• PROMPT:
Reproduce all the lines below exactly and omit the images.

• PROVIDED MATERIAL:

◆ ◆ ◆ ◆ ◆ ◆ ◆

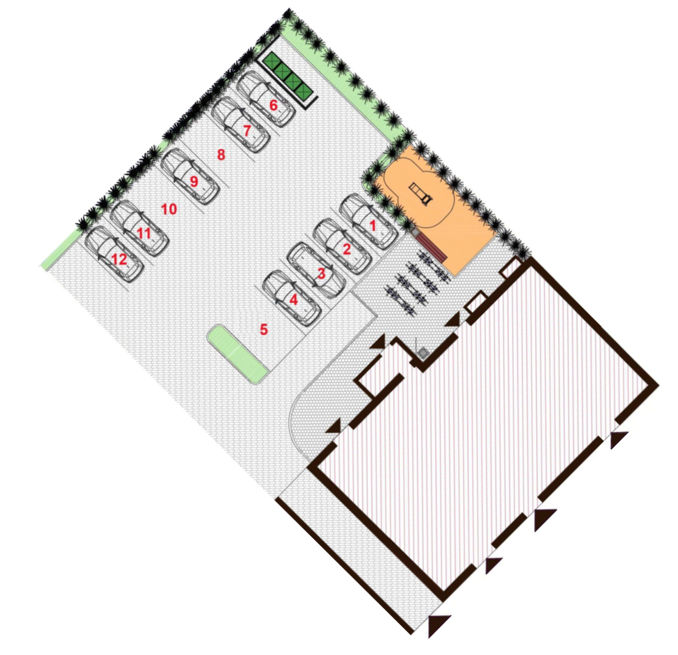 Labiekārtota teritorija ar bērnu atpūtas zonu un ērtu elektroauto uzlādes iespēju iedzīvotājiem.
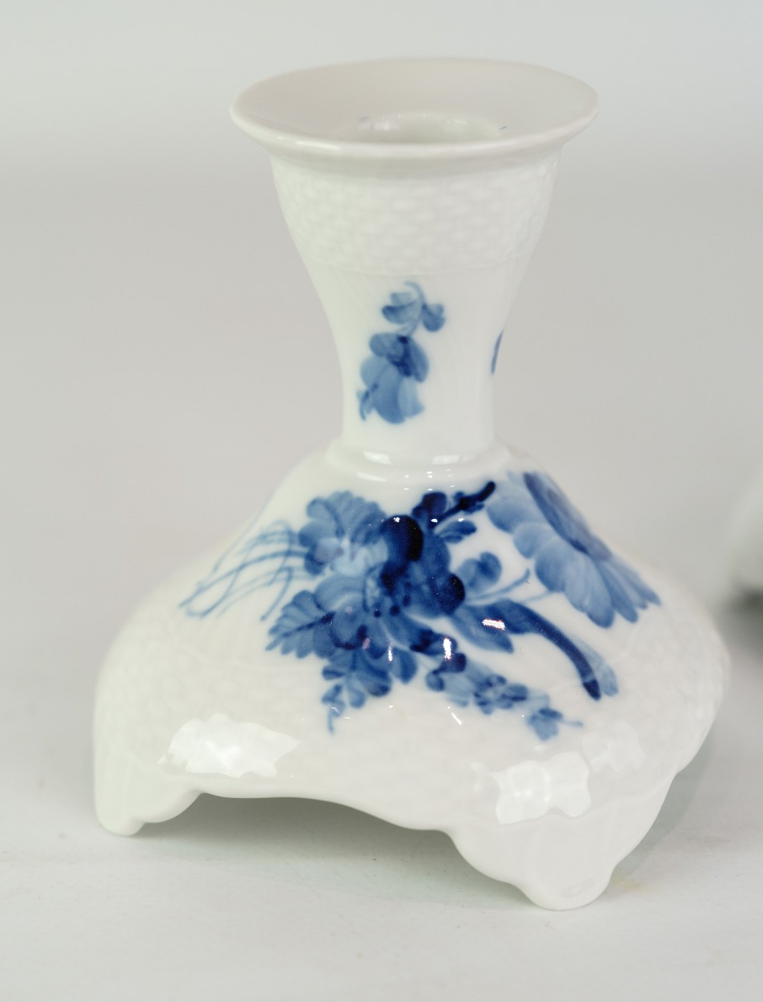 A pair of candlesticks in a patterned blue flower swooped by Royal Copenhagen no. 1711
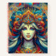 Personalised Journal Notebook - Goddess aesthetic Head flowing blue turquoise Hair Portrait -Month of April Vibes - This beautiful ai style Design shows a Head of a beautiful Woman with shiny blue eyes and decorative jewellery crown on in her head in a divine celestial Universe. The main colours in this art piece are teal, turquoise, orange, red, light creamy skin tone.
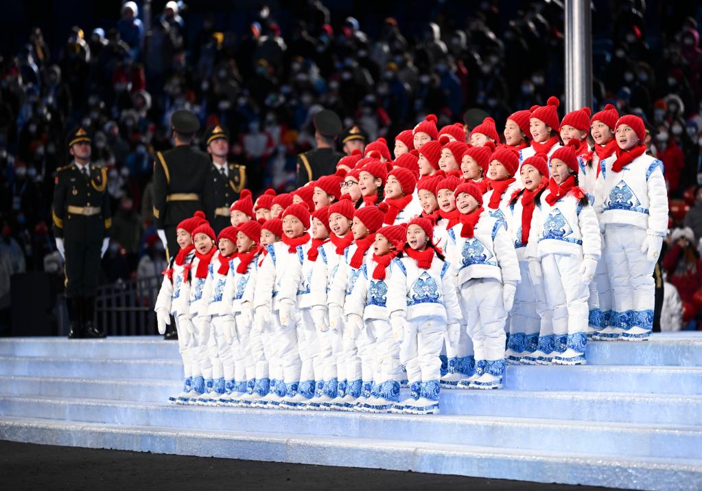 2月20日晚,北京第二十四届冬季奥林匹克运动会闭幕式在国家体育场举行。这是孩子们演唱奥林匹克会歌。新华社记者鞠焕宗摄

◆ ◆ ◆ ◆ ◆ ◆ ◆

• TASK RESULT:
 Labiekārtota teritorija ar bērnu atpūtas zonu un ērtu elektroauto uzlādes iespēju iedzīvotājiem.
 A pair of candlesticks in a patterned blue flower swooped by Royal Copenhagen no. 1711
 Personalised Journal Notebook - Goddess aesthetic Head flowing blue turquoise Hair Portrait -Month of April Vibes - This beautiful ai style Design shows a Head of a beautiful Woman with shiny blue eyes and decorative jewellery crown on in her head in a divine celestial Universe. The main colours in this art piece are teal, turquoise, orange, red, light creamy skin tone.
 2月20日晚,北京第二十四届冬季奥林匹克运动会闭幕式在国家体育场举行。这是孩子们演唱奥林匹克会歌。新华社记者鞠焕宗摄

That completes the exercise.